Read the previous entry in the series here.
Read the next entry in the series here.
The next chapter, “Forgings,” opens with an extended musing on the legend of the Pocked Man in the Six Duchies; the figure is one cursed by El, one of the two gods the Duchies appear to acknowledge, made into an undying harbinger of pestilence whose appearance is a portent of doom. It pivots to comment on Fitz’s return to Buckkeep from his mission to Kelvar, which is onerous and highlights Chade’s skill in maintaining the fiction of Lady Thyme.
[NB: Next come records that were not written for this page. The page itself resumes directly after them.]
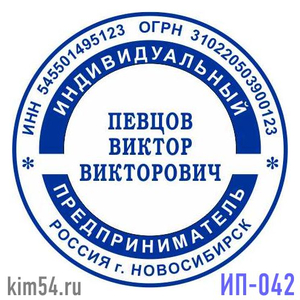 Заказать печать предпринимателя, печать ИП-042. Срочное изготовление печати - 15 минут. Обычный срок изготовления - 2 часа. Диаметр печати - 38 мм. В печати ИП обязательно указывается ФИО предпринимателя. ИНН, ОГРНИП указывается по желанию. На основе ш...
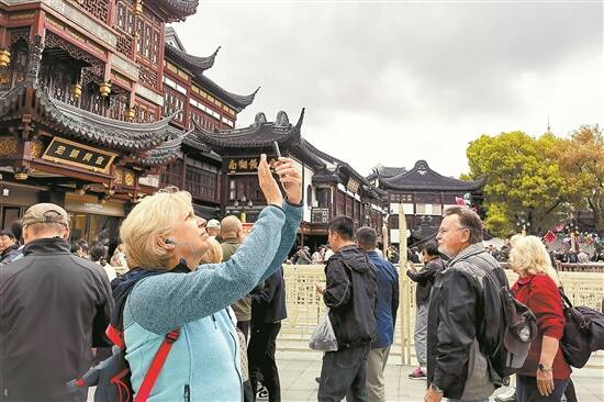 入境游客在上海豫园商圈观光 新华社发
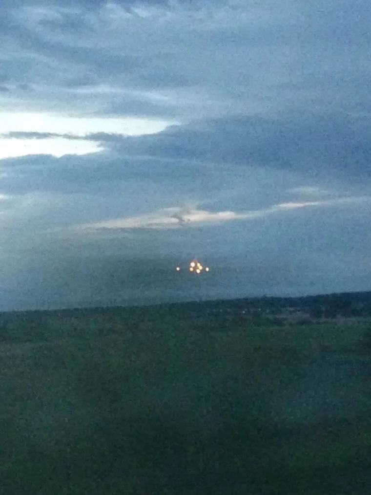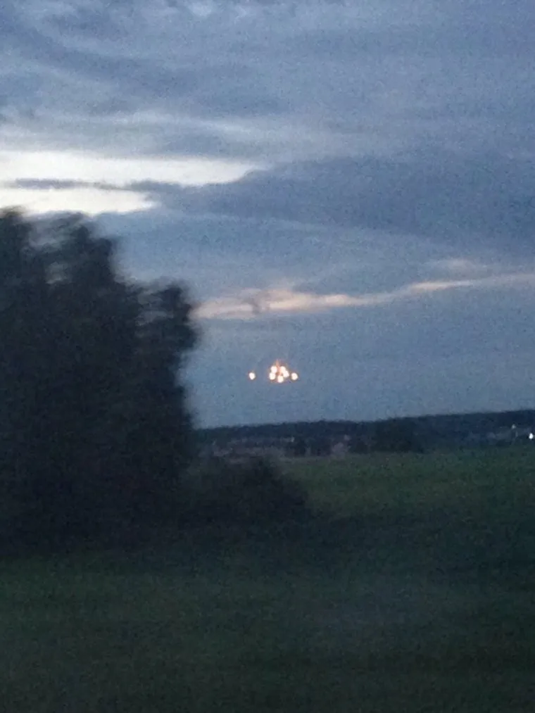 «Сегодня мы ехали из города Челябинска и неожиданно обратили внимание на странный свет в небе, в районе Мисяша. В начале огни были высоко в небе, потом стали опускаться до земли и заново подниматься синхронно», — написал автор фотографий в сообществе «Инцидент Миасс».
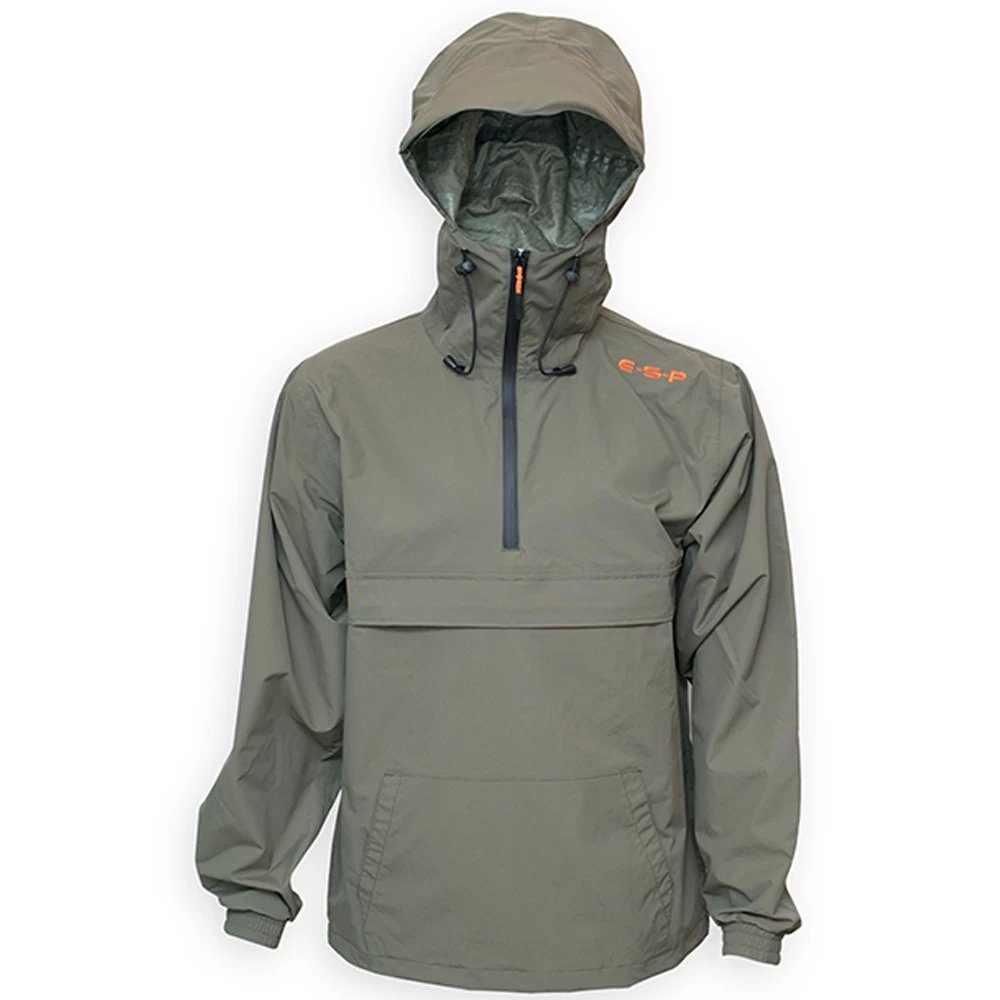 - The fitted cut offers freedom of movement and the performance fabric is 5,000 waterproof and 3,000 breathable, olive green with contrasting ESP orange logo and zip pulls.
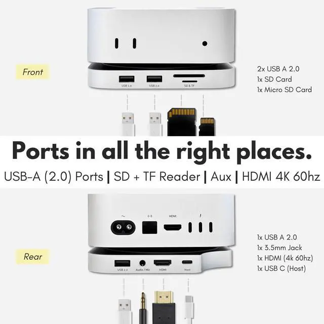FOR EVERYDAY DEVICES: Easily access 3 USB-A 2.0 ports, SD and TF card slots, an HDMI port (4K 60Hz), and a 3.5 mm audio jack via the m4 mac mini hub for your everyday devices. The mac mini m4 hub with complete slots.
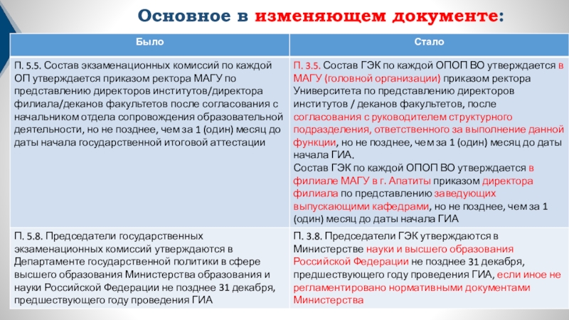 Слайд 3Основное в изменяющем документе:
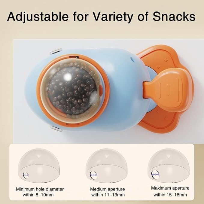 - Adjustable for variety of snacks: Featuring three transparent lids with different food outlet sizes (12mm, 16mm, 20mm), this toy accommodates the needs of all breeds of cats with different treat dispensing amount by each press promoting healthy digestion and preventing bloating
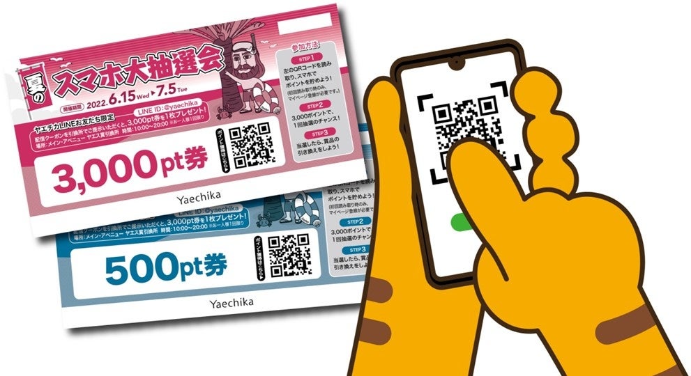ヤエチカ公式LINEとお友だちになり、配信クーポンを引換所でご提示いただくと、3,000ポイント券を1枚プレゼント ※お1人様1回限り
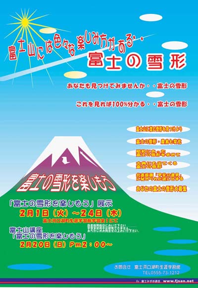 | 富士みずほ通信はWEB上での発信内容をできるだけ実際の展示などで発表したいと考え、オフ展を断続的に開催してきました。 今月は二つの展示会を開催します。 一つは富士河口湖町生涯学習館のご好意で取り組んでいる平成22年度富士山講座と展示会です。平成23年2月1日〜24日は第四回富士山講座として「富士の雪形を楽しもう」展を開催しました。(左のポスター) 二つ目は富士吉田市のイベントホール大津蔵で2月23日〜27日まで開く「富士山の日富士五湖写真歳時記展」です。 「富士の雪形を楽しもう」展では、冬の富士山に降り積もった雪が形作る色々な模様を紹介します。 初夏、田植えの時期に現れる「農鳥」が有名ですが、真冬に現れる「鳳凰」や、漫画家の前田康成さんが命名した「ふう爺さん」など、12月から7月まで、富士五湖のそれぞれの場所から見ることができる色々な雪形を写真で紹介します。 また、平安時代から今日まで語り継がれている雪形についても紹介しています。 「富士五湖写真歳時記」展では、富士五湖周辺の各地で行われている色々な行事を1月から12月まで写真で紹介します。 こちらでは祭事にあわせて、富士山の様子や自然の草花などもあわせて富士五湖の四季を60枚以上の写真で紹介する予定です。お茶を飲みながら歓談できたらいいなと考えています。 ぜひ大勢の方のご観覧をお願いいたします。 |
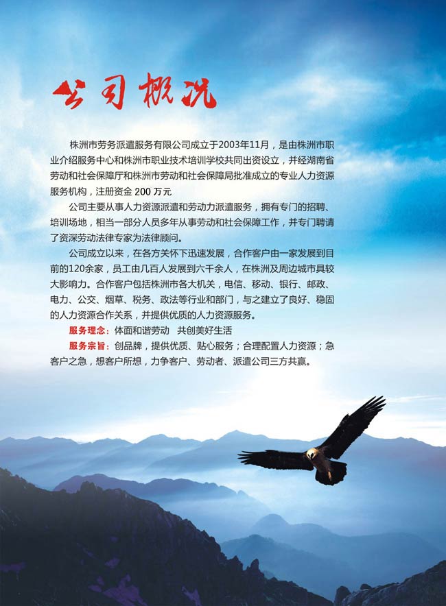 服務(wù)宗旨:創(chuàng)品牌,提供優(yōu)質(zhì)、貼心服務(wù);合理配置人力資源;急客戶(hù)之急,想客戶(hù)所想,力爭(zhēng)客戶(hù)、勞動(dòng)者、派遣公司三方共贏。
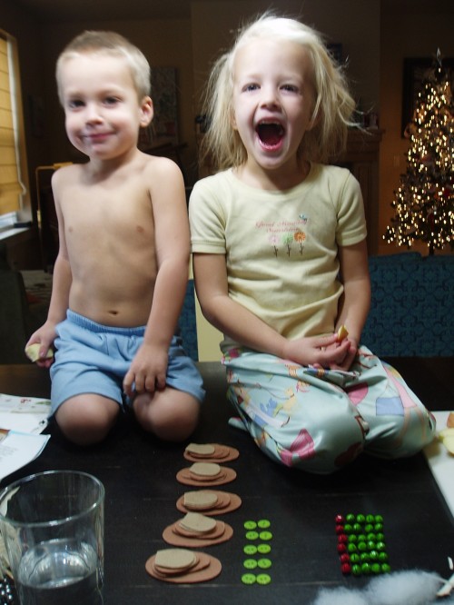 As she looked at the image, she would organize the groups of buttons, bells, and felt pieces in groups of four, two, etc. So that each reindeer was ready.
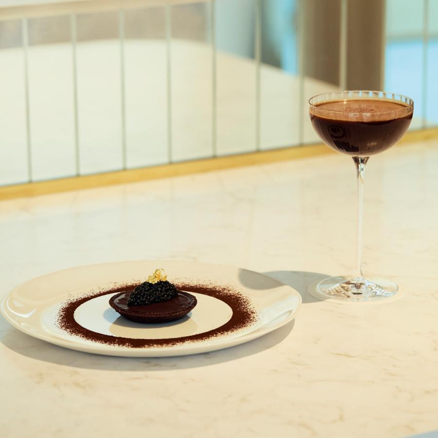 その挑戦が、フレンチの食材とチョコレートを組み合わせるというアプローチ。一見大胆に思えるが、「タルト ショコラ キャビア」を口にすると納得。ダークチョコレートの甘さと苦味に、キャビアの塩味とミネラル感が重なり、互いの輪郭を引き立て合うバランスが絶妙。そこへ「マティーニ ショコラ」をひと口。カカオの風味にブランデーの熟成香が重なり、味わいは一段とまろやかに広がっていく。
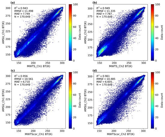 Scatter plots of observed brightness temperatures from corresponding channels of MWTS-III and AMSU-A before and after applying the correction during 26–27 June 2024: panels (a,c) show scatter plots for the 23.8 GHz channel of MWTS-III before and after correction, while panels (b,d) present scatter plots for the 31.4 GHz channel of MWTS-III before and after correction.
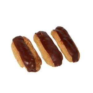 These eclairs are filled with Bavarian cream and have rich chocolate icing.
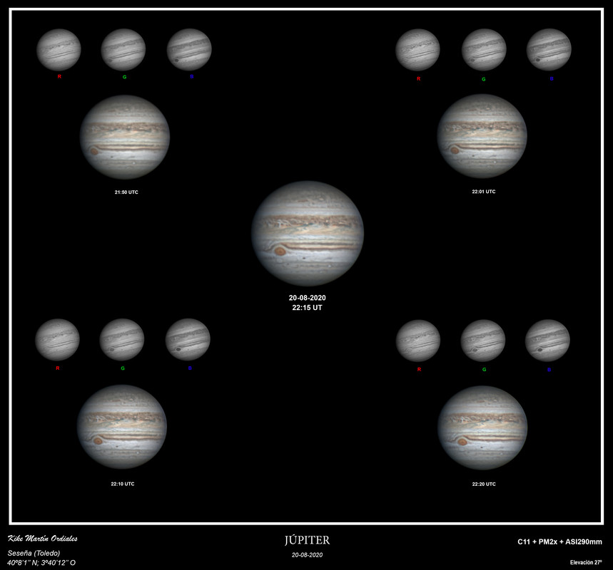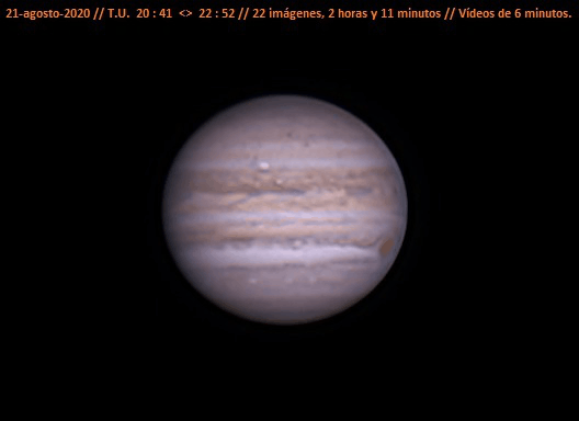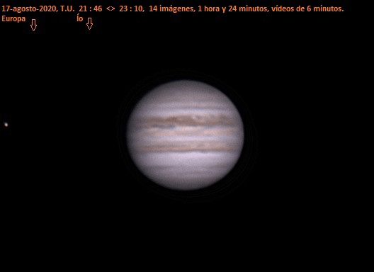 Esto está animado, señores. Ahí mi sombrita de Io, 21:41-22:00 UT ----2020/08/09. Antes de nada, añadir que los bordes están desenfocados he estirado bastante y tuve que hacer deconvolución para sacarle chicha, y claro me generó un artefacto en los bordes, de ahí que recurrí a un desenfoque gaussiano, y claro esta vez me pasé y me pasé tb con los bordes... pido disculpas por ello.

There is some comfort for Fitz, though; his efforts with Lady Grace meet resounding success and acclaim. Verity’s bachelorhood is noted, with Burrich commenting that Verity having a wife will do much to comfort the people of the kingdom. Verity himself, however, is distracted by the increasing Red-Ship raids and more Forgings. Popular responses to the attacks are sometimes harsh but understood as inevitable and necessary. The lack of a cohesive response from the Kingdom, however, sits ill with the populace, as Chade notes to Fitz during one of their late-night sessions.
Chade also comments with some aspersion about the politics in the Farseer dynasty, noting Verity’s deficiencies against the current situation (he “was raised to be second, not first,” and it shows) and Regal’s continued pampering. And Fitz’s regular lessons continue as Buckkeep girds for war, even if it does not yet strike out at its attackers.
Fitz is, however, able to resume his friendship with Molly. They talk together of the popular reaction in Buckkeep to the Forgings, as well as the anger building against Shrewd for his inaction. And in the wake of a conversation with her, when Fitz returns to the castle and scrounges a meal against the budding growth of his adolescent body, he encounters a noble woman not known to him. They make one another awkward, and Fitz leaves the encounter feeling a fool.
There is a fair bit of foreshadowing in the chapter, some of it working over longer terms within the novel than others. (Little if any of it extends to the other novels in the series.) Again, the idea of prognostication is one that pervades the Realm of the Elderlings novels, so its appearance in the present chapter is not a surprise. The cliffhanger of the meeting with the noblewoman, though, which is an instance of foreshadowing is somewhat annoying; it reads to me at present as a division-spanning item that might have done better in another place. Then again, strange events occur at jarring times, and the inclusion in its present position may well be a nod to that.
To return to the comment in the previous entry about the parallel between the Red-Ship raiders and current-to-this-writing perceptions of immigrants, there is a point in the chapter at which Molly notes to Fitz that local merchants have banded together to hire their own guard-ships. She comments that it may be a clever move on the part of Shrewd to allow them to do so, since they spend the money and he does not, and it may well be that. But there is also a parallel to near-current events, such as the ultimately racist and too-often too-close-to-Nazism militias that currently work ill on the southwestern border of the United States (and it’s always that border, not the much longer one at the north; I wonder [sarcastically] what the difference is). The book is decades old at this point, so there is no way it can be commenting on such events, but the parallels in the present reading are a bit much to ignore.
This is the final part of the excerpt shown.